As propriedades pressionam a fronteira do território, onde vivem mais de 5 mil Guajajara e isolados Awá-Guajá. “[O agronegócio] está impactando em todos os nossos costumes, principalmente na cultura e nos nossos rios, aonde está sendo diretamente desmatada a cabeceira, jogando agrotóxico, acabando com nossos açaís e com nossos peixes”, conta a líder Jacirene Guajajara.
Entre 2003 a 2021, 21 indígenas Guajajara foram mortos. Muitos deles eram parte do grupo Guardiões da Floresta, que vigia o território para combater invasores e madeireiros. Em 2019, ano em que Jair Bolsonaro assumiu a presidência, um dos principais líderes dos guardiões foi morto por grileiros: Paulo Paulino Guajajara, com 26 anos, cuja luta foi detalhada em um episódio do De Olho na História. Apesar da repercussão internacional do caso, a violência continuou: seis indígenas da TI Arariboia foram assassinados entre 2022 e 2023.
Cerca de 25 mil hectares foram desmatados por madeireiros e fazendeiros na TI Arariboia. (Cartografia: Eduardo Carlini/De Olho nos Ruralistas)
Indígenas Gamella tiveram mãos decepadas
Indígena Gamella teve as mãos decepadas durante ataque de fazendeiros em 2017. (Foto: Ana Mendes/Cimi)
Frequentemente os Gamella são surpreendidos com tiros em direção às suas comunidades, principalmente aos finais de semana. É o que conta Cawcree Akroá Gamella, um dos líderes do território, retomado em Viana (MA) durante 2014. Em abril de 2017, um grupo de 30 jagunços, contratados por fazendeiros da região, atacou a comunidade num episódio de horror, deixando 22 feridos, sendo que dois indígenas tiveram as mãos decepadas.
O ataque aconteceu após a “Marcha pela Paz”, onde políticos locais como o deputado federal Aloisio Mendes (Republicanos-MA) incentivaram a violência. “Gente ordeira, que trabalha há mais de 90 anos, e nunca viu índio aqui”, disse o integrante da Frente Parlamentar da Agropecuária (FPA) no carro de som.
Os primeiros ataques aos Gamella aconteceram na década de 1960. O povo chegou a ser considerado extinto. Hoje, toda a comunidade Gamella está inscrita no Programa Estadual de Proteção a Defensores e Defensoras de Direitos Humanos, enquanto retomam o manejo de agrofloresta em parte do seu território.
Na entrevista, Cawcree alerta que, além do gado e da especulação imobiliária, os indígenas sofrem com a violência institucional. “A própria Justiça, ao negar nossos direitos, é uma ameaça”.
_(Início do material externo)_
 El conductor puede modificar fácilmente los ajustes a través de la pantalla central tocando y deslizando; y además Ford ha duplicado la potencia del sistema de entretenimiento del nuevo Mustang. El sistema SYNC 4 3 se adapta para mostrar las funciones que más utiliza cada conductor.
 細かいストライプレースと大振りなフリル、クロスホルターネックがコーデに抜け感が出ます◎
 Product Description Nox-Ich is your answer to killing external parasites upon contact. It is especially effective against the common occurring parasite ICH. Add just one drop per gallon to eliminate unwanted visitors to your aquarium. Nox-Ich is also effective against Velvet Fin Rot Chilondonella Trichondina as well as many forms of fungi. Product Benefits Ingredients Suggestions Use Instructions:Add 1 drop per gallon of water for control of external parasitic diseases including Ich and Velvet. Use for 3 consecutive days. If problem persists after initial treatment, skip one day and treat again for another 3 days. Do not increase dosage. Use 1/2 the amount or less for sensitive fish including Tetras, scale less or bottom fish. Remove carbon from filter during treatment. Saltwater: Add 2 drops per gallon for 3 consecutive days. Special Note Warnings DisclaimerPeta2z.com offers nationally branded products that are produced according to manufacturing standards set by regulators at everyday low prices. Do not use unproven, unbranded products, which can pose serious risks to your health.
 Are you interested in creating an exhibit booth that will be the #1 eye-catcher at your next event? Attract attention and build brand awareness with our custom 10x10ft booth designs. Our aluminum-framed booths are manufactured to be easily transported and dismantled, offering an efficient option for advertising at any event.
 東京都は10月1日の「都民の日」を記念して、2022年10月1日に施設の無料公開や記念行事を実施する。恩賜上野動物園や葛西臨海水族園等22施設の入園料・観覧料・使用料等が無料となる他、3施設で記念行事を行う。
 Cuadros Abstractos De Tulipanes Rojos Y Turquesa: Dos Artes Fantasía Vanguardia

Em 2021, 16 indígenas foram presos após protestarem contra a construção de dois linhões de energia, pertencentes aos grupos Eletronorte e Equatorial.
Sem consulta prévia, porto e rodovia violam territórios
“Quando os grandes empreendimentos chegam, eles já colocam a máquina e começam a trabalhar”, relata Leleco, líder do Quilombo Santa Rosa dos Pretos, em Itapecuru-Mirim.
Duplicação da BR-135 beneficia o agronegócio e impacta a vida dos quilombolas. (Foto: GovBr)
A cerca de 100 quilômetros dali, a comunidade de pescadores do Cajueiro, em São Luís, sofre a mesma pressão pela ampliação da infraestrutura logística. Os dois locais estão na rota das obras de duplicação da BR-135, cujo projeto pretende ampliar o escoamento da produção do Matopiba. Iniciada em 2017, a obra foi paralisada após um recurso das organizações quilombolas, em ação impetrada pelo Ministério Público Federal. Em 2020, a Justiça Federal suspendeu a construção até que o Departamento Nacional de Infraestrutura de Transportes (DNIT) fizesse os ajustes e propusesse uma contrapartida para as comunidades. Mesmo sem acordo fechado, em junho deste ano, o juiz federal Ricardo Felipe Rodrigues Macieira autorizou a retomada das obras da da BR-135. Poucas semanas após a liberação, o ministro dos Transportes, Renan Filho (MDB-AL),anunciouinvestimento federal na duplicação entre os km 95,6 a 127,75, exatamente onde estão os quilombos.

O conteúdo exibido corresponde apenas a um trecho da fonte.